How can sensitive files remain uncompromised when using Codex CLI?

[ilmeskio]

Summary

During testing with Codex CLI, I noticed an important nuance regarding how ignored files are handled:

• When I reference files directly using @ (e.g. @config/settings.py), files listed in .gitignore are not included in the model context — which is great.
• However, when using commands like rg, cat, or other workspace-wide searches, those same ignored files can still be read locally and their contents may appear in Codex responses.

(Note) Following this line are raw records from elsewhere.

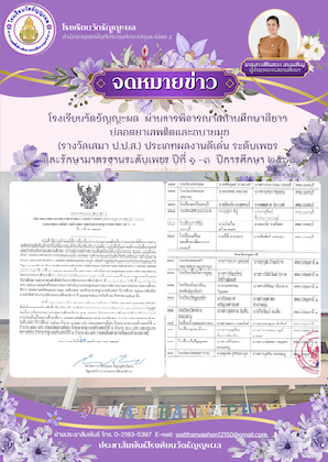 โรงเรียนวัดธัญญะผลผ่านการประเมินสถานศึกษาสีขาว ปลอดยาเสพติดและอบายมุข (รางวัลเสมา ป.ป.ส.) ประเภทผลงานดีเด่น ระดับเพชร และรักษามาตรฐานระดับเพชร ปีที่ ๑ -๓ ปีการศึกษา ๒๕๖๘
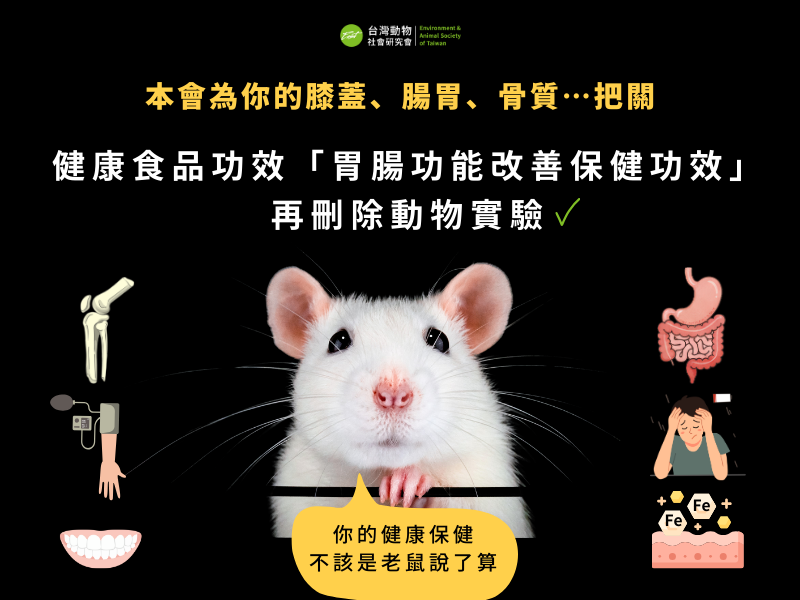【行動進展】健康食品功效宣稱再刪除動物實驗|本會與立法委員林淑芬、衛福部共同努力落實的成果
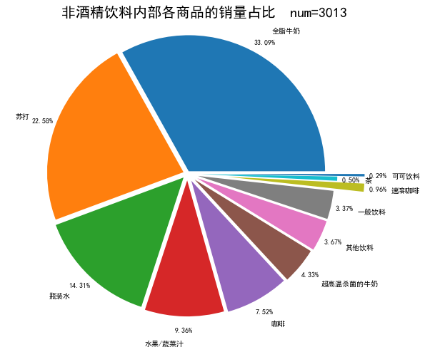 1 # 代码8-4 非酒精饮料内部商品的销量及其占比 2 3 # 先筛选“非酒精饮料”类型的商品,然后求百分比,然后输出结果到文件。 4 selected = sort_links.loc[sort_links['Types'] == '非酒精饮料'] # 挑选商品类别为“非酒精饮料”并排序 5 child_nums = selected['id'].sum() # 对所有的“非酒精饮料”求和 6 selected['child_percent'] = selected.apply(lambda line: line['id']/child_nums,axis = 1) # 求百分比 7 selected.rename(columns = {'id':'count'},inplace = True) 8 print('非酒精饮料内部商品的销量及其占比:\n',selected) 9 outfile2 = r'C:\Users\86184\Desktop\文件集\data\child_percent.csv' 10 sort_link.to_csv(outfile2,index = False,header = True,encoding='gbk') # 输出结果 11 12 # 画饼图展示非酒精饮品内部各商品的销量占比 13 import matplotlib.pyplot as plt 14 data = selected['child_percent'] 15 labels = selected['Goods'] 16 plt.figure(figsize = (10,8)) # 设置画布大小 17 explode = (0.02,0.03,0.04,0.05,0.06,0.07,0.08,0.08,0.3,0.1,0.3) # 设置每一块分割出的间隙大小 18 plt.pie(data,explode = explode,labels = labels,autopct = '%1.2f%%', 19 pctdistance = 1.1,labeldistance = 1.2) 20 plt.rcParams['font.sans-serif'] = 'SimHei' 21 plt.title("非酒精饮料内部各商品的销量占比 num=3013",fontsize=20) # 设置标题 22 plt.axis('equal') 23 plt.savefig(r'C:\Users\86184\Desktop\文件集\data\child_persent.png') # 保存图形 24 plt.show() # 展示图形

This raises some uncertainty about how to safely handle sensitive information (like .env files, credentials, or local configs) that might be present in the workspace but should never be exposed to the model or remote context.

Questions

1. How can users guarantee that sensitive files are never read or transmitted — even indirectly (e.g. via rg, cat, search, or summarization commands)?
2. Does Codex CLI perform any local filtering before sending file contents to the model (for instance, checking .gitignore or .env patterns)?
3. Is there a recommended way to mark or isolate sensitive files so they’re always out of scope for Codex — regardless of the command used?

Why this matters

In practice, developers often have secrets or credentials stored in .env, .json, or config files within the same repository.
Even if those files are ignored by Git, it’s unclear whether Codex might still read them locally when using tools like rg or global context searches.

It would be extremely helpful to have:

• an official explanation of how the CLI handles ignored files under different command types, and
• concrete guidance (or a recommended pattern) to ensure that sensitive data is never at risk of being sent to the model.

Thanks for clarifying this — it’s key for safely using Codex in real development environments.

[ilmeskio]

At least on macOS we could leverage the sanbox adding some filter up: this will totally hide files from the sandbox reaching the best level of security.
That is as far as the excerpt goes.